### About this exercise
Reproduce the material below only from the line with "レトロなバンビちゃんウサギちゃんリスちゃん達の生地です。" to the line with "Figure 1d further", both included, keeping each line exact and dropping the pictures.
########
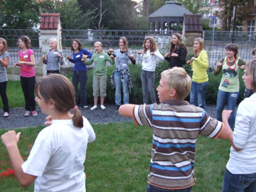 Am Sonntagmittag wurden die Begegnungstage feierlich eröffnet. Die Schüler, ihre Eltern, Lehrer und zahlreiche Ehrengäste, insgesamt ca. 160 Gäste, begrüßten wir in der Brücke-Villa und im geschmückten Zelt im Hof des Brücke/Most-Zentrums. Trotz des regnerischen Wetters, welches uns das erste Mal in der langjährigen Geschichte der Begegnungstage einen kleinen Streich spielte, war die Atmosphäre festlich, heiter und voller Erwartung. Nach den schönen Grußworten der Ehrengäste war ein gemeinsames Grillmittagessen vorbereitet. Danach konnten die Schülerinnen und Schüler die ersten Erlebnisse mit den neuen Mitschülern bei verschiedenen Spielstationen sammeln. Am Nachmittag verabschiedeten sich die Kinder von den Eltern und waren schon bald damit beschäftigt, sich mit lustigen Spielen kennen zu lernen.
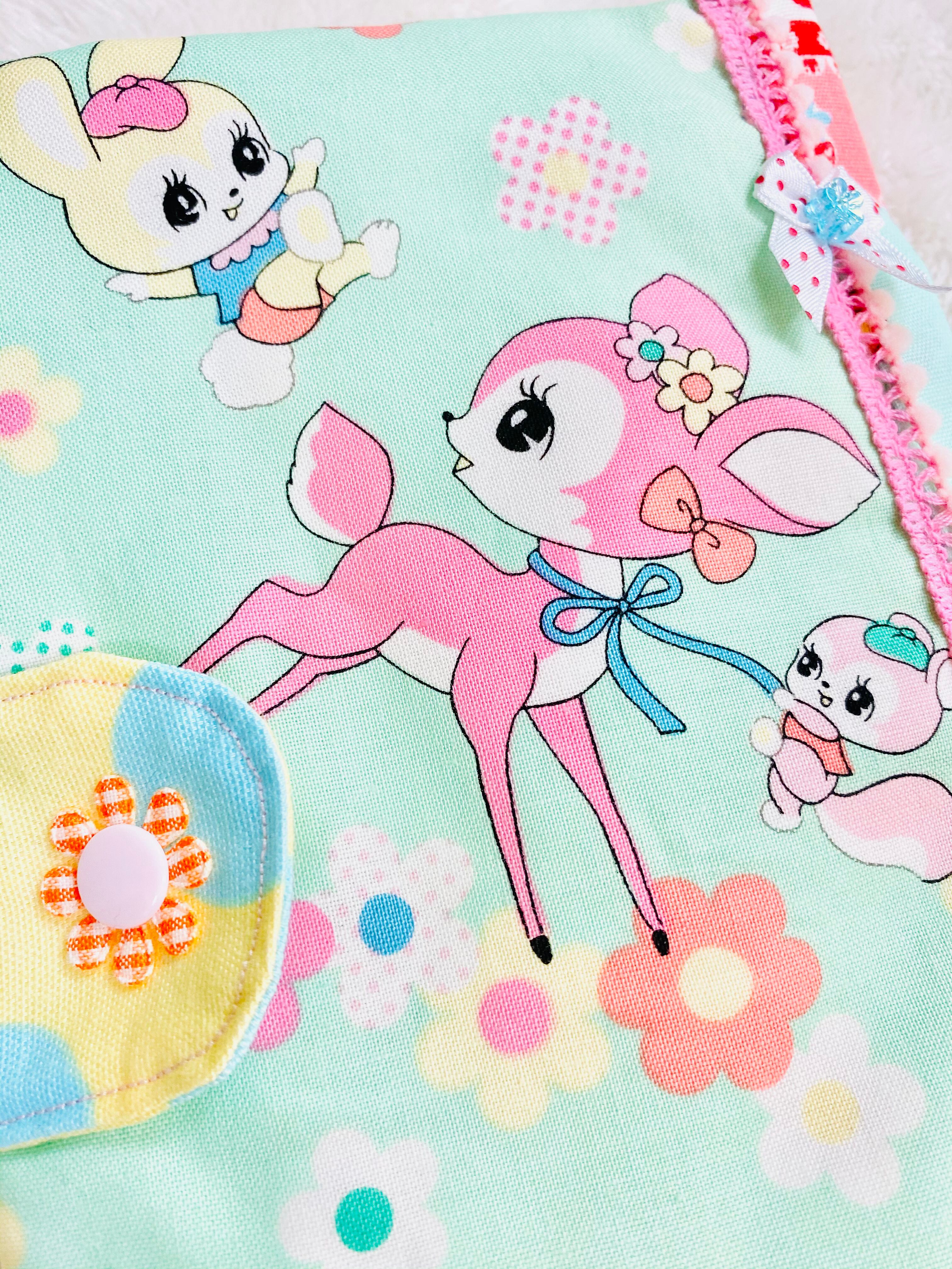 レトロなバンビちゃんウサギちゃんリスちゃん達の生地です。
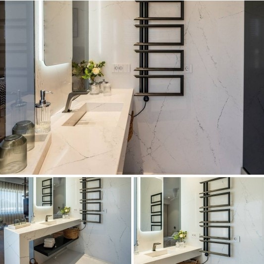 Ванная комната — это место, где мы начинаем и заканчиваем свой день. Здесь важны не только функциональность и комфорт, но и атмосфера чистоты, гигиены и эстетики. Современные материалы позволяют создавать интерьеры, которые отвечают всем этим требованиям. Одним из лидеров в этой области является кварцевый агломерат Silestone, предлагающий уникальное сочетание красоты натурального камня и непревзойденных эксплуатационных характеристик. Давайте рассмотрим, как можно использовать Silestone для создания ванной комнаты вашей мечты. 1. Столешницы - идеальная поверхность Столешница в ванной — один из самых используемых элементов. Она постоянно контактирует с водой, косметическими средствами и бытовой химией. Столешницы из Silestone идеально подходят для таких условий. Благодаря своей непористой структуре, они не впитывают влагу, красители и запахи. На них не образуются пятна от зубной пасты, макияжа или мыла. Поверхность Silestone чрезвычайно устойчива к царапинам и легко очищается, сохраняя
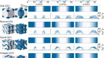 Figure 1d further highlights that the orthogonal chemical reactions and difference in relative reaction speeds allow for the sequential fabrication of the two networks. In situ tracking of functional groups via photo-differential scanning calorimetry (photo-DSC) and Fourier transform infrared spectroscopy (FTIR) enable measurement of the depletion of crosslinking groups. Consistent with the high yield expected in click chemistry, the initial photoirradiation (He ~ 600 mJ cm−2) consumes 94% of the thiol groups during the formation of the green body (Supplementary Fig. 1). Similarly, the observed conversion of –OR groups corresponds in time to the formation of the second set of plateaus in G′ and G″. These initial experiments and the glass transition measurements (Supplementary Fig 1c) confirm that the intersystem crosslinking is negligible, which preserves the individual performance of the two constituent systems.
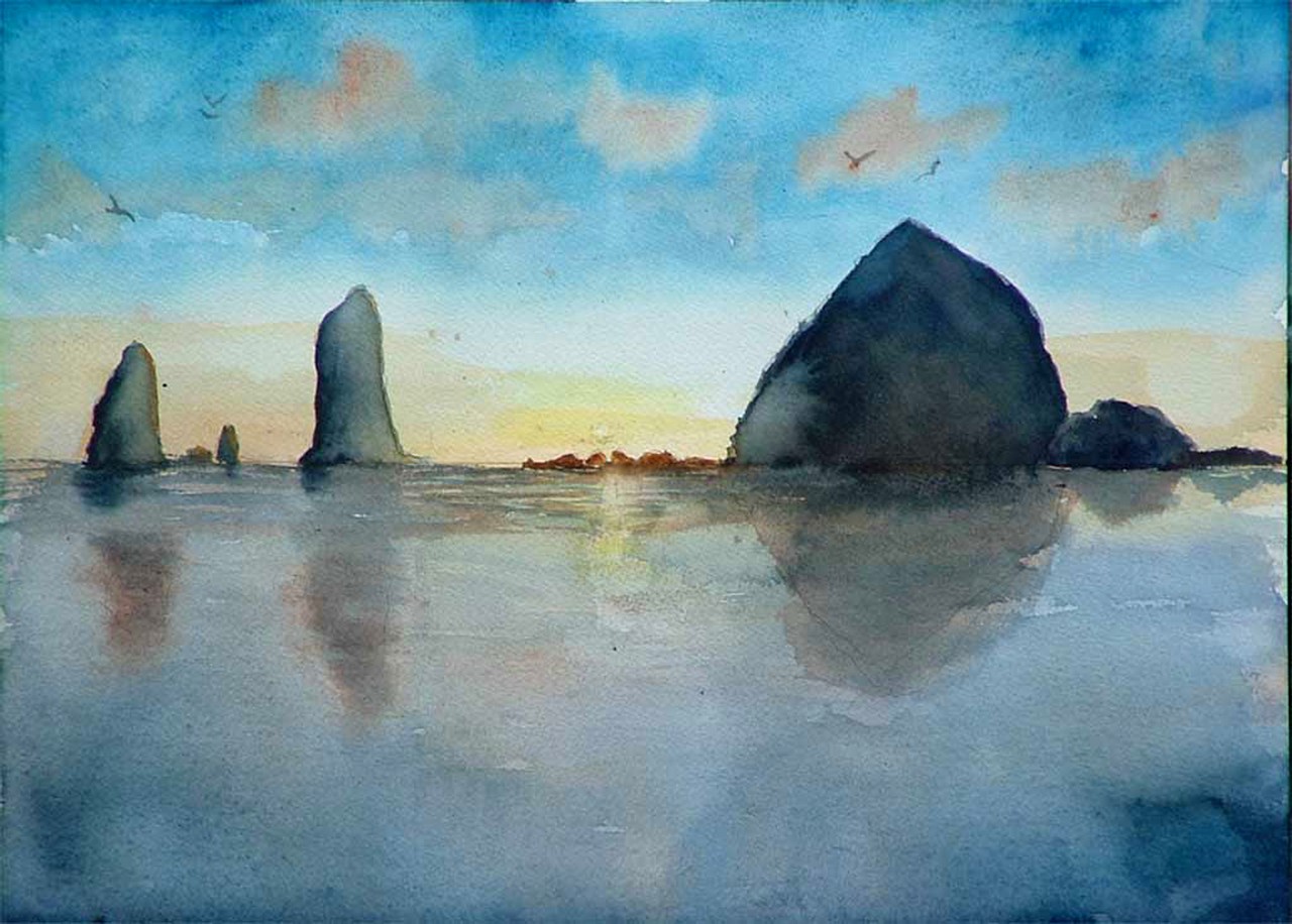Cannon Beach Rocks Sunset Watercolor Painting
########
### Exercise result
 レトロなバンビちゃんウサギちゃんリスちゃん達の生地です。
 Ванная комната — это место, где мы начинаем и заканчиваем свой день. Здесь важны не только функциональность и комфорт, но и атмосфера чистоты, гигиены и эстетики. Современные материалы позволяют создавать интерьеры, которые отвечают всем этим требованиям. Одним из лидеров в этой области является кварцевый агломерат Silestone, предлагающий уникальное сочетание красоты натурального камня и непревзойденных эксплуатационных характеристик. Давайте рассмотрим, как можно использовать Silestone для создания ванной комнаты вашей мечты. 1. Столешницы - идеальная поверхность Столешница в ванной — один из самых используемых элементов. Она постоянно контактирует с водой, косметическими средствами и бытовой химией. Столешницы из Silestone идеально подходят для таких условий. Благодаря своей непористой структуре, они не впитывают влагу, красители и запахи. На них не образуются пятна от зубной пасты, макияжа или мыла. Поверхность Silestone чрезвычайно устойчива к царапинам и легко очищается, сохраняя
 Figure 1d further highlights that the orthogonal chemical reactions and difference in relative reaction speeds allow for the sequential fabrication of the two networks. In situ tracking of functional groups via photo-differential scanning calorimetry (photo-DSC) and Fourier transform infrared spectroscopy (FTIR) enable measurement of the depletion of crosslinking groups. Consistent with the high yield expected in click chemistry, the initial photoirradiation (He ~ 600 mJ cm−2) consumes 94% of the thiol groups during the formation of the green body (Supplementary Fig. 1). Similarly, the observed conversion of –OR groups corresponds in time to the formation of the second set of plateaus in G′ and G″. These initial experiments and the glass transition measurements (Supplementary Fig 1c) confirm that the intersystem crosslinking is negligible, which preserves the individual performance of the two constituent systems.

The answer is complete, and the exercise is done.